Hey all.
I have a chat app. I’m using crews to respond to user inquiries in the chat.
I would like crews to provide answers and rely on a context from a previous questions.
My expectation is that Memory feature can help with that.
I configured my crew in the following way:
dynamic_crew = Crew(
agents=crew_agents,
tasks=crew_tasks,
verbose=True,
memory=True,
embedder={
"provider": "google",
"config": {
"api_key": os.getenv("GEMINI_API_KEY"),
"model": "models/text-embedding-004"
}
},
long_term_memory=LongTermMemory(storage=LTMSQLiteStorage(
db_path=
"./memorydb/dynamic_crew_%s/long_term_memory_storage.db" %
user_id)),
short_term_memory=ShortTermMemory(storage=RAGStorage(
type="short_term",
embedder_config={
"provider": "google",
"config": {
"api_key": os.getenv("GEMINI_API_KEY"),
"model": "models/text-embedding-004"
}
},
path="./memorydb/dynamic_crew_%s/" % user_id)),
entity_memory=EntityMemory(storage=RAGStorage(
type="short_term",
embedder_config={
"provider": "google",
"config": {
"api_key": os.getenv("GEMINI_API_KEY"),
"model": "models/text-embedding-004"
}
},
path="./memorydb/dynamic_crew_%s/" % user_id)),
)
As you see for each user the memory is stored in a different folder.
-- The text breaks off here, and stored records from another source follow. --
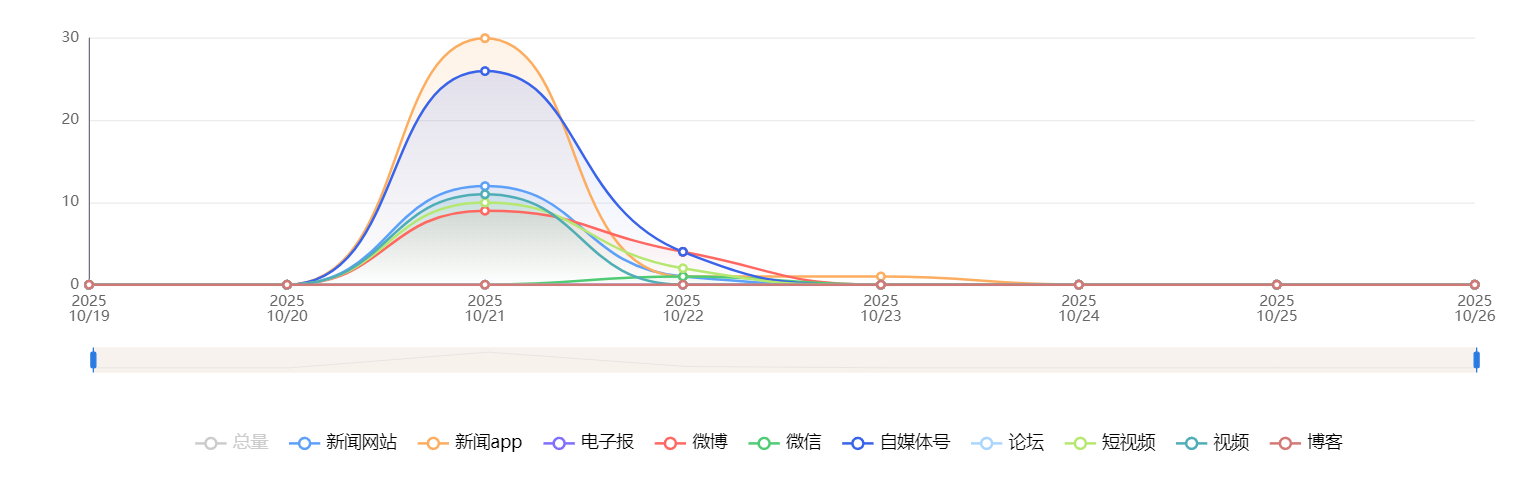 截至目前,该文章在互联网上传播总量共427篇。各信源的信息发布情况中,新闻app占比最高,其次是自媒体号。(数据来源:新华睿思数据云图分析平台)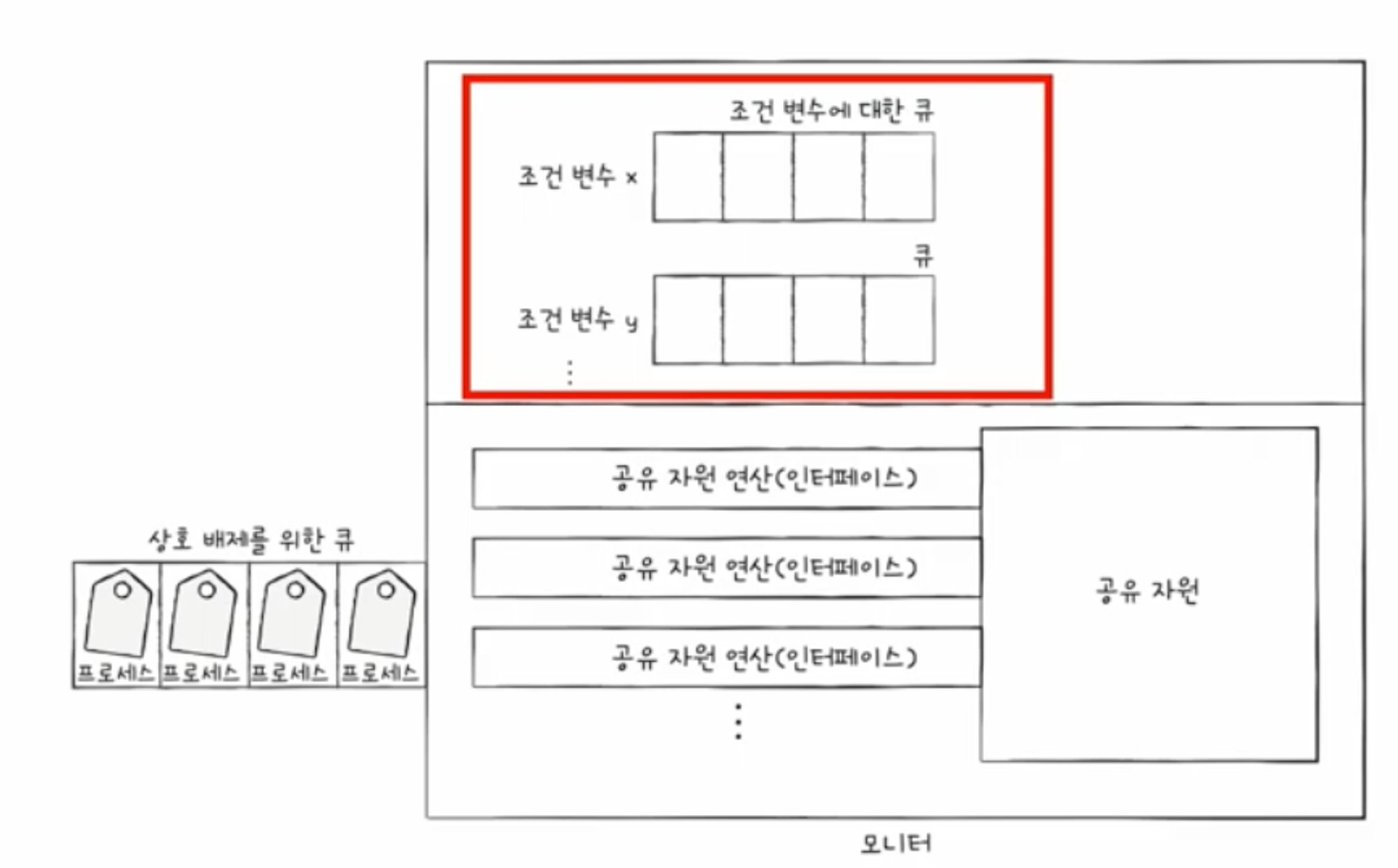 - shared resource: 여러 프로세스 혹은 쓰레드가 공유하는 자원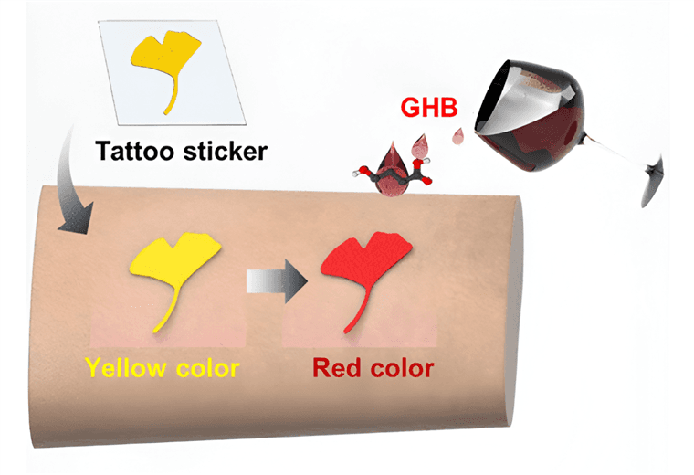 Un equipo de científicos desarrolló un tatuaje temporal que cambia de color tras tocarlo con una gota de bebida que contenga GHB o "éxtasis líquido", una droga incolora e inolora que facilita agresiones sexuales o robos.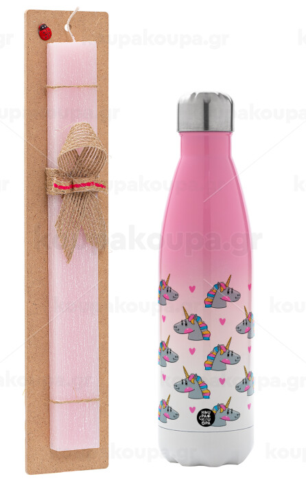 Unicorn, Πασχαλινή Λαμπάδα με Μεταλλικό παγούρι θερμός Ροζ/Λευκό (Stainless steel), διπλού τοιχώματος, 500ml & κερί αρωματικό πλακέ (30cm) (ΡΟΖ)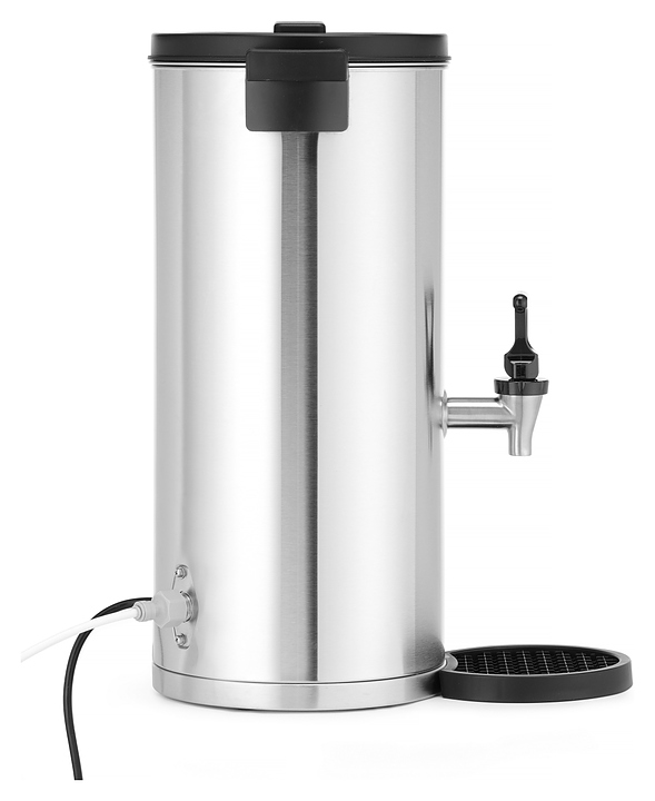 Кипятильник HENDI 240717 предназначен для нагрева и кипячения воды на предприятиях общественного питания и торговли. Модель оснащена двумя датчиками уровня воды, панелью управления с цифровым дисплеем и контроля температуры нагрева и датчиком предотвращения переполнения бойлера. Изделие выполнено из полированной нержавеющей стали с полипропиленовыми крышкой и ручками, кран - из нержавеющей стали и оснащен приятной на ощупь ручкой. В комплект поставки входят съемный поддон для сбора капель. Особенности: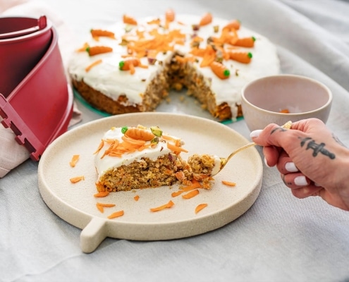 Dieser aromatische Karottenkuchen überzeugt mit einem lockeren Teig, geriebenen Möhren und einer milden Frischkäsecreme als Topping. Durch Nüsse und Gewürze bekommt der Kuchen ein besonders intensives Aroma und bleibt angenehm saftig.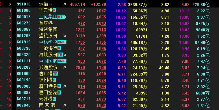 周五,運輸業(yè)板塊異軍突起,漲幅達(dá)2.98%。其中,8只概念股集體漲停。盛航股份兩連板。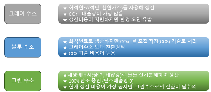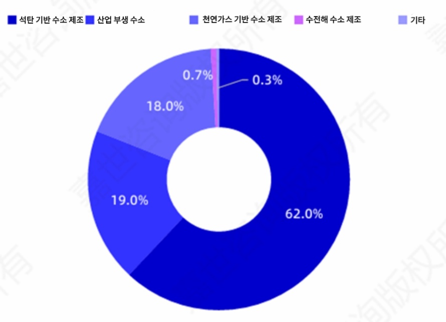 수소에너지는 제조 공정과 탄소 배출 여부에 따라 크게 3가지로 나뉜다. 산업 부산물 또는 화석 연료를 이용해 생산하는 그레이 수소, 화석연료에서 수소를 추출하는 과정에 탄소포집(CCS) 기술을 접목해 탄소 배출을 감축시킨 블루 수소, 그리고 풍력, 태양광 등 재생에너지만을 활용해 물을 전기분해하여 생산하는 그린 수소가 있다. 현재 중국의 수소 산업은 그레이 수소 비중이 압도적으로 높다. 중국 수소에너지 연맹의 2023년 통계에 따르면, 중국의 연간 수소 생산량 3500만 톤 중 석탄 화학 공정을 통한 수소 생산이 62%를 차지했고, 산업 부산물 수소가 19%, 천연가스 수소 생산이 18.1%를 기록했다. 물 전기분해를 활용한 그린수소 생산 비중은 0.7%에 불과하였다.

I see the files are stored in the folder and memories are written, but at the same time I don’t see context being used.
Like I ask a simple question: How old is Nike brand? - got a response.
The next question is: “What about Columbia?” - the crew response is not about the age at all.
Are my expectations wrong? I saw this article from @zinyando that makes sense for my use case, but I’m curious if I can have built-in memory to work for this use case.